Outros vídeos assumem uma abordagem mais ativista. Ela expressou apoio ao movimento Black Lives Matter, falou sobre seu feminismo e como o cabelo naturalmente encaracolado deve ser aceito, mesmo que artistas como Beyoncé e Rihanna tenham alisado o delas. "Um aspecto positivo das mídias sociais é que elas dão espaço às minorias. Espero que essa dinâmica chegue até a vida real", disse Mahfouf.
Para alguns de seus seguidores, parte do apelo de seu canal é que sua formação étnica não é uma questão, mesmo em um país onde os franceses de origem norte-africana ainda sofrem estigmatização e discriminação.
"Ela mostra que somos todos diferentes e, portanto, todos iguais. Não sei por que devemos ficar falando disso", comentou Violaine Pelillo, seguidora de 14 anos de Mahfouf.
Com algumas exceções, como a jovem romancista marroquina Leïla Slimani, vozes como a de Mahfouf raramente são ouvidas no mundo editorial muito fechado da França, que é dominado por homens brancos.

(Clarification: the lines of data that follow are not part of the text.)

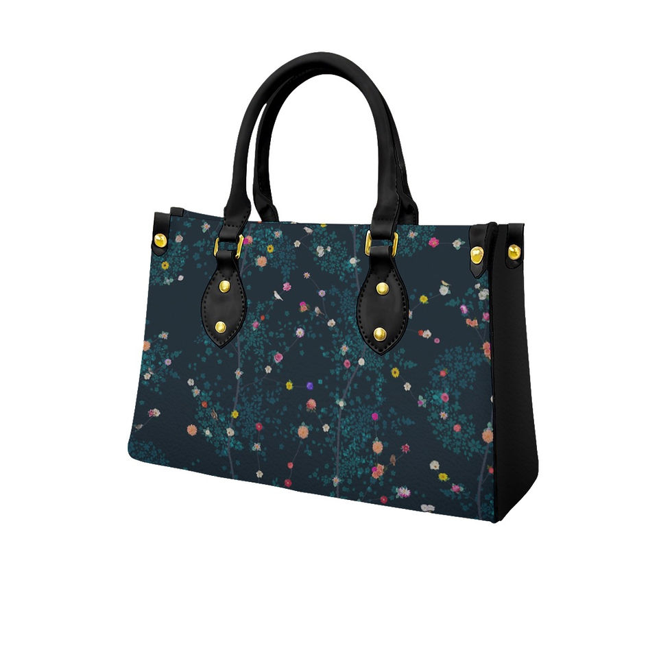 Women's Tote Bag With Black Handle Bird Floral Midnight Teal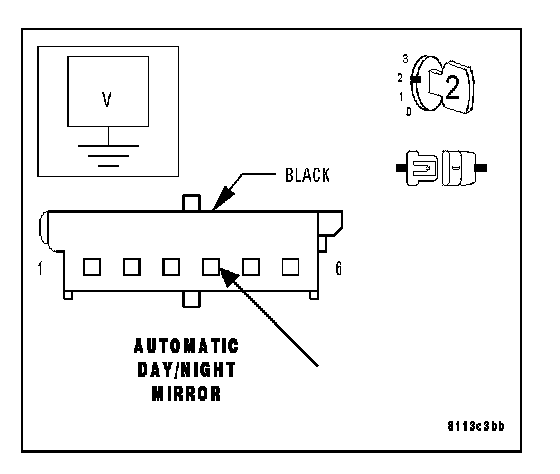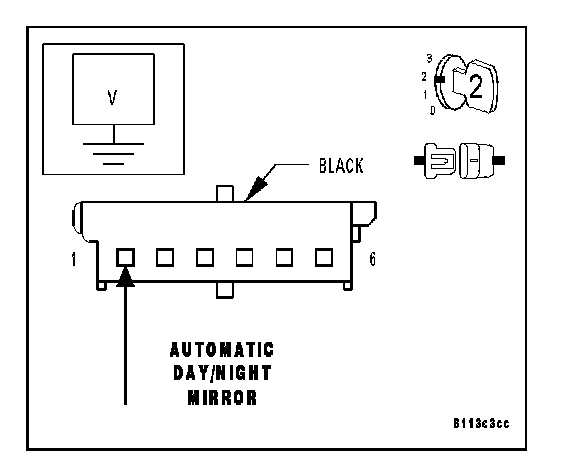1. MEASURE AUTOMATIC DAY/NIGHT MIRROR FUSED B(+) CIRCUIT VOLTAGE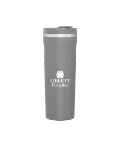 16.9 oz double wall tumbler with 18/8 stainless steel inner wall, stainless steel outer wall, vacuum insulation, push-on lid, swivel closure, stainless steel rim, and powder coated finish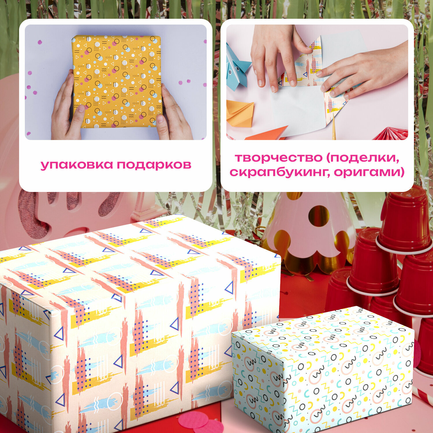 Отзывы на Упаковочная бумага 70х100 см для мелованная крафтовая, набор 3 штуки, 3 дизайна, подарочная упаковка на новый год 2025, Золотая Сказка, Memphis, 592067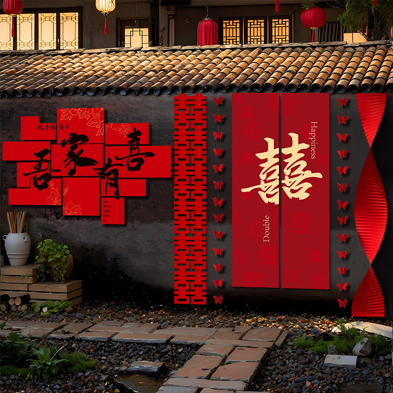 婚房布置套装农村结婚自建房婚礼院子喜字kt板挂布拉花背景墙装饰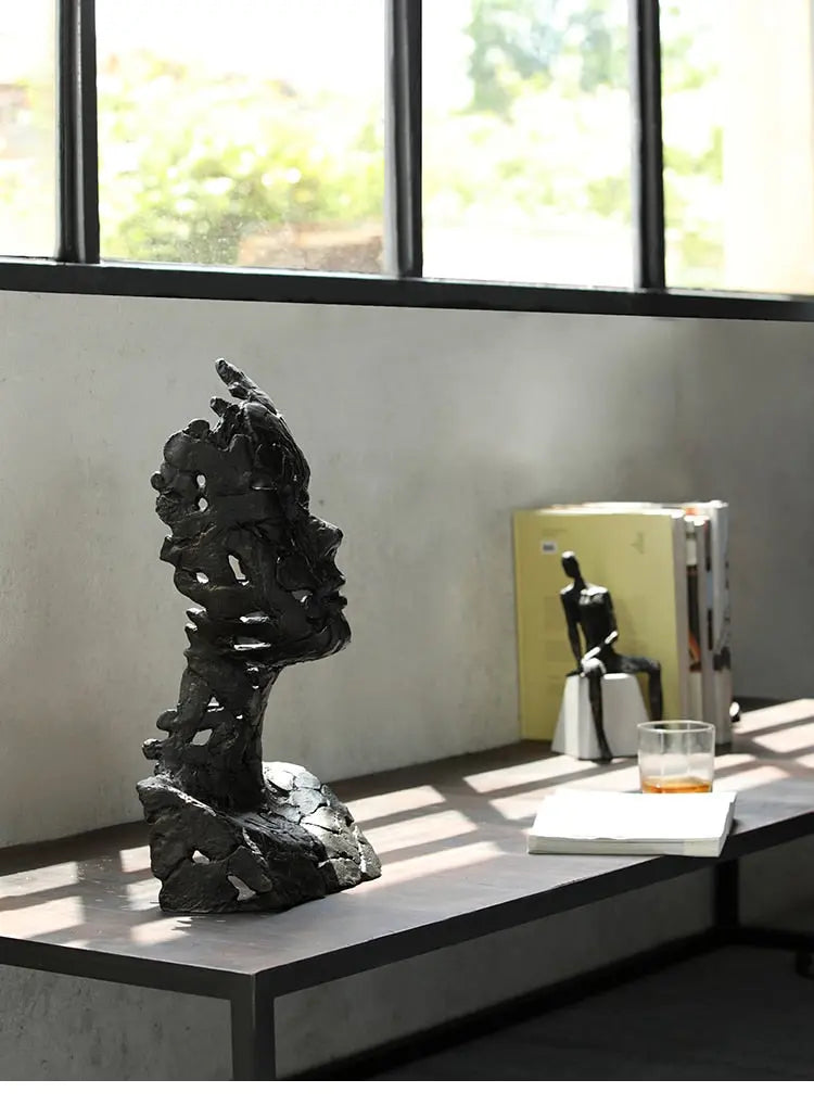 This beautiful and serene handmade abstract sculpture has an Art Deco touch yet has a unique style. Flowing lines and curves add to it`s soulful appeal.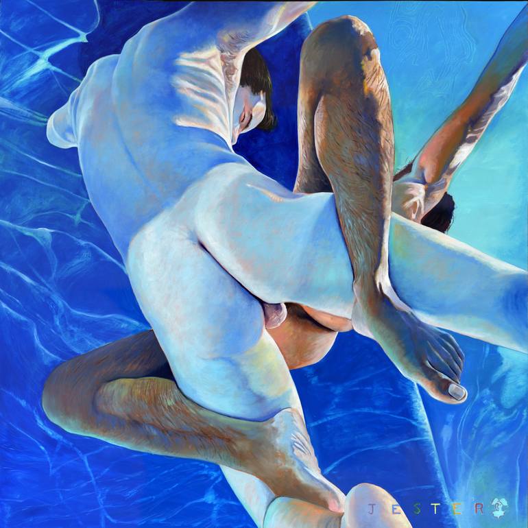 «Según recuerda, le gustaba nadar de adolescente, pero lo que lo atrajo de las piscinas fue la forma en que aíslan los cuerpos del sonido, el movimiento e incluso la gravedad, creando un grupo de personas que se convierten en su propia comunidad, aunque sea por un momento, en otro «mundo» con sus propias reglas de tiempo, espacio y color. Así ve Jester a la comunidad gay: separada, pero al mismo tiempo parte de un mundo más grande».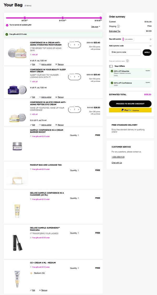 Join the birthday sale-abration! Save 40% OFF the IT Cosmetics Confidence Collection for a LIMITED TIME ONLY! Rewards members (free to join) take 30% OFF everything else so be sure to sign in! Whether you’re restocking the bestselling Confidence in a Cleanser hydrating facial cleansing serum or trying a new shade of one of Bestie Amy’s favorites, the non-sticky Confidence in a Serum Lip Gloss! Add to cart today! Orders $115+ receive a FREE 4 Piece Gift or step up to a $130 purchase and you’ll receive a FREE 5 Piece Gift!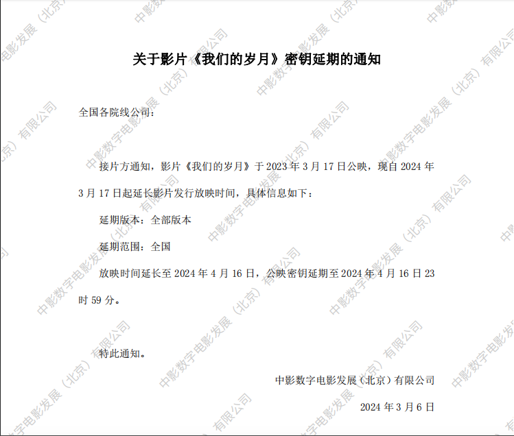 《我们的岁月》第十五次密钥延期的通知

Em 2019, ela levou a ideia de um livro de autoajuda acessível para uma das maiores editoras francesas, que esperava vender 20 mil exemplares. "Toujours Plus" já vendeu 14 vezes mais que isso, e há planos para traduzi-lo em vários idiomas, incluindo o inglês.
Ao contrário de alguns youtubers que contratam operadores de câmera e editores, Mahfouf passa dias escrevendo, filmando e editando seus vídeos ela mesma. Uma assistente e seus pais a ajudam a lidar com uma agenda sobrecarregada.
"Todo mundo sempre me pergunta com um tom ansioso onde eu me vejo daqui a dez anos. As redes sociais são minha prioridade número um, nas quais sou mais livre e feliz. E a internet não vai desaparecer tão cedo", disse ela depois de uma semana durante a qual havia filmado três vídeos e recusado um pequeno papel em um filme e uma posição como apresentadora de TV.